After ten years of elite athletics, I gave rugby what I had left in my body and mind.  I gave it what I could as I simultaneously worked hard towards establishing future plans.  I ended my elite athletic career on a high note and can be at peace with the legacy I left.  Rugby has given me lifelong friends and a community I will always be a part of.  I am very proud to have contributed to the first Women’s Olympic Rugby Team and to have competed for the National Team.  I know celebrating participation ended with youth soccer, but in this case participating was one of my greatest athletic achievements.  Crossing over to rugby, learning the game and the skill was arguably one of the most difficult athletic experiences of my life.  It is an achievement I am very proud.

I am now in training for the next Olympic quad, but this time in a different capacity, as a student.  When I am doing schoolwork I often think of the days struggling on the rugby pitch when I thought I had nothing more to give.  Those days remind me just how tough I am.  I think in the midst of everything I lost sight of that.  I know my classes will push me and I will often feel just as uncomfortable as I felt the first day I slid down the ice or tied up my rugby cleats.  I know it may never get easier, but I will adjust and it will get more comfortable.  My identity will continue to evolve as I take risks and discover who I am.  I have learned that there is not just one element to who I am, but instead my identity encompasses many.  I am an Olympian, a former student-athlete, a retired bobsledder, a rugby player, a student, but most importantly… I am a fighter

Sunday, August 7, 2016

Guest Blog By: Geneva Azevedo

Very rarely do all four Azevedo girls end up in the same place at the same time.

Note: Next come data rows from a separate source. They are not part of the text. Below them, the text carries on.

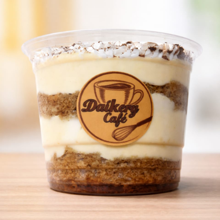 Cremoso postre de origen Italiano a base de un mousse de queso mascarpone y bizcocho humedecido en café Expresso y un toque de licor de café en presentación de 8oz
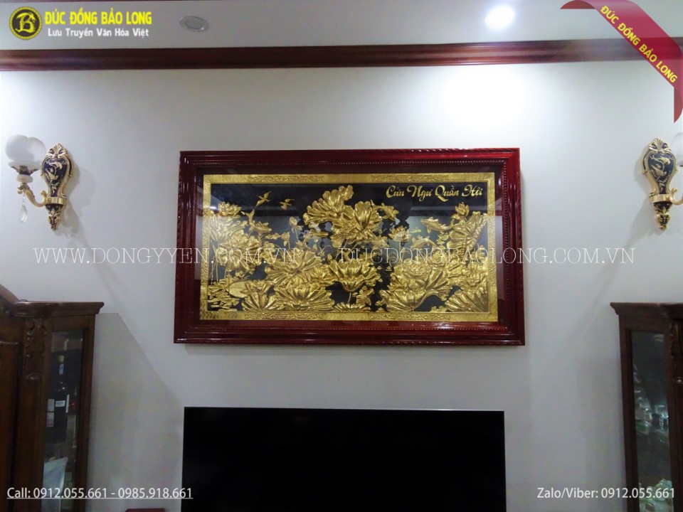 Tranh cửu ngư quần hội bằng đồng mạ vàng 24k khung 2m31
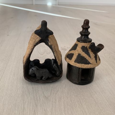 34 cm korkea patsas, materiaali kova massa. Ostettu Suomesta.
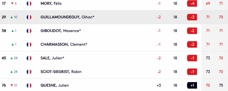 Maxence Giboudot et Clément Charmasson signent chacun leur deuxième carte de 71 et se positionnent 38es. Julien Sale et Robin Sciot-Siegrist seront là ce week-end après deux cartes de 73 et 70. Ils franchissent le cut sur la marque de -1. Seul éliminé, Julien Quesne a été plombé par sa première moitié de parcours : 4 bogeys après 11 trous. Malgré deux birdies au 15 et au 17, le bogey du 18 a douché définitivement ses minces espoirs.
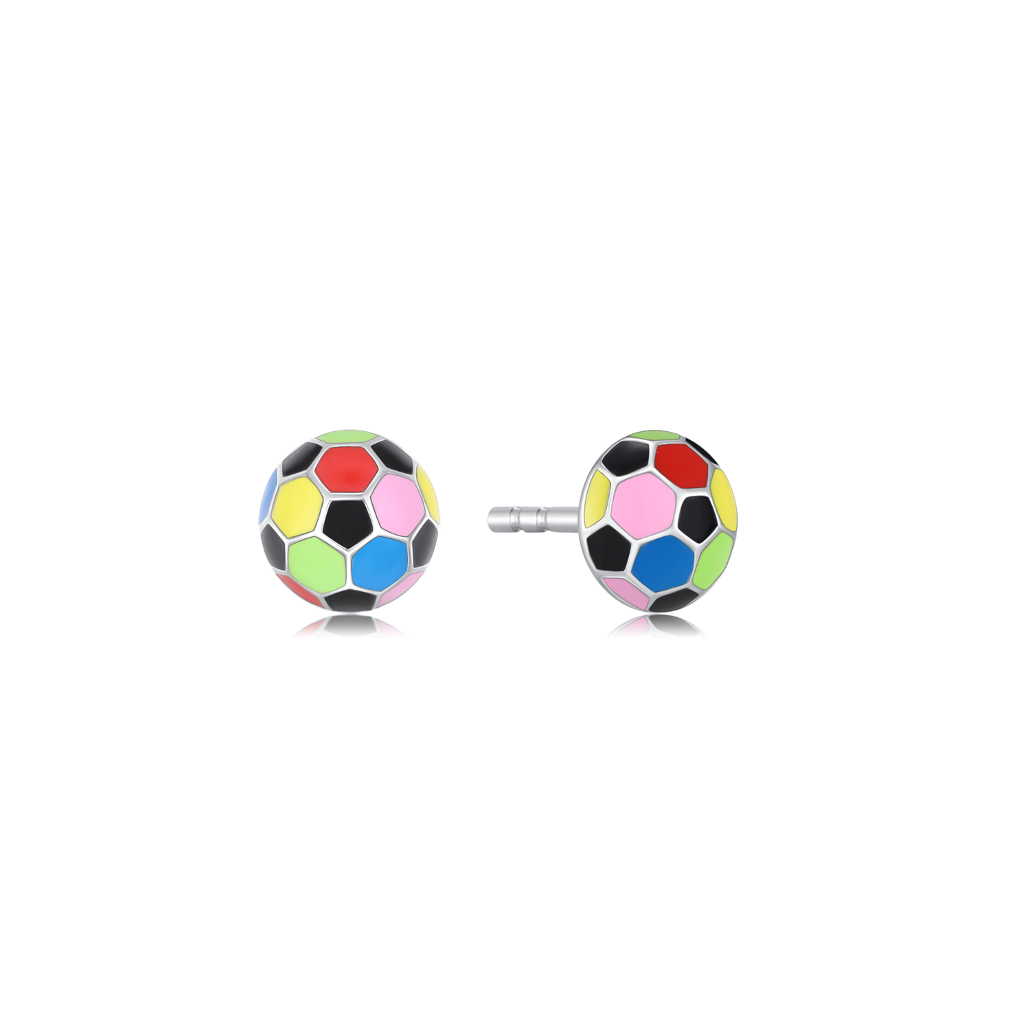 Sporty og stilfulde sølv ørestikker designet som små fodboldbolde. Ørestikkerne er rhodinerede for ekstra glans og holdbarhed og dekoreret med multi-farvet, blyfri emalje, der giver et livligt og unikt udtryk. Med deres kompakte størrelse på 5 mm er de perfekte til både børn og voksne, der elsker sport og ønsker et sjovt, men elegant smykke.
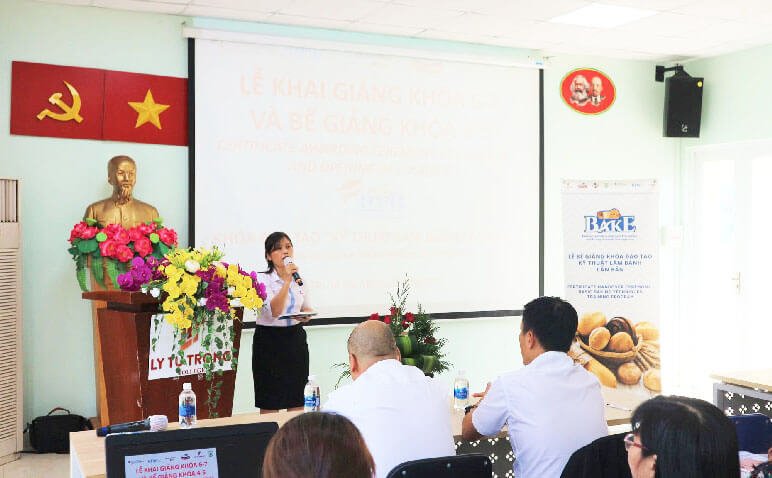 Tại buổi lễ trao bằng tốt nghiệp, Bà Kiều Thị Hòa Lan – Trưởng phòng nhân sự công ty Saf-Việt đã có bài phát biểu tuyên dương tinh thần học hỏi phấn đấu của các anh chị học viên. Tham gia khóa học, học viên được trang bị kiến thức, kỹ năng cơ bản về nghề bánh, giúp nâng cao khả năng nắm bắt cơ hội việc làm với nghề bánh. Ngoài ra, Bà cũng cảm ơn sự quan tâm hỗ trợ của nhà trường cũng như dự án BAKE đã tạo điều kiện để các bạn có môi trường học tập thật tốt.
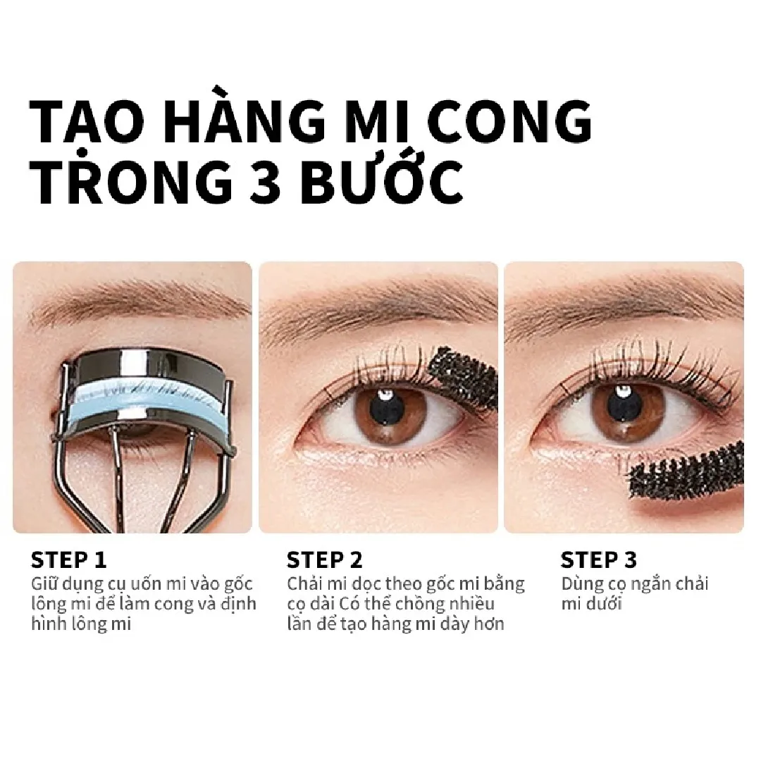 - Cọ chuốt cong thông minh giúp tơi mi, không vón cục.

In the past few weeks the four of us have been fortunate enough to be in the same town multiple times.  For anyone outside of our family, it can be a bit overwhelming to be around all of us at once.  We are loud, talk over each other and laugh at inside jokes that our audience may not be privy to. 

It has been about 15 years since Emily and I have lived in the same town, and now we are a mere bike ride away. It may not seem like much, but it has been amazing to have been able to have dinner with my sisters multiple times this week.  However, having all my older sisters nearby can also have its downfalls.  At some point one of us is bound to look at the other the wrong way or say something in the wrong tone and it can quickly progresses downhill from there. But what I find so great about having siblings is one minute you can be arguing over the smallest thing and the next you are laughing at a shared moment from earlier that day.  A bond like that is irreplaceable and one-of-a-kind…or in our case, four of a kind. 

Now that Emily and I are living in the same town, our bickering will probably increase, but so will our dinner dates, our froyo runs, our road trips together and our time just hanging out together. I wouldn’t trade this bonus time with my sister for anything in the world, even if it involves a few squabbles along the way.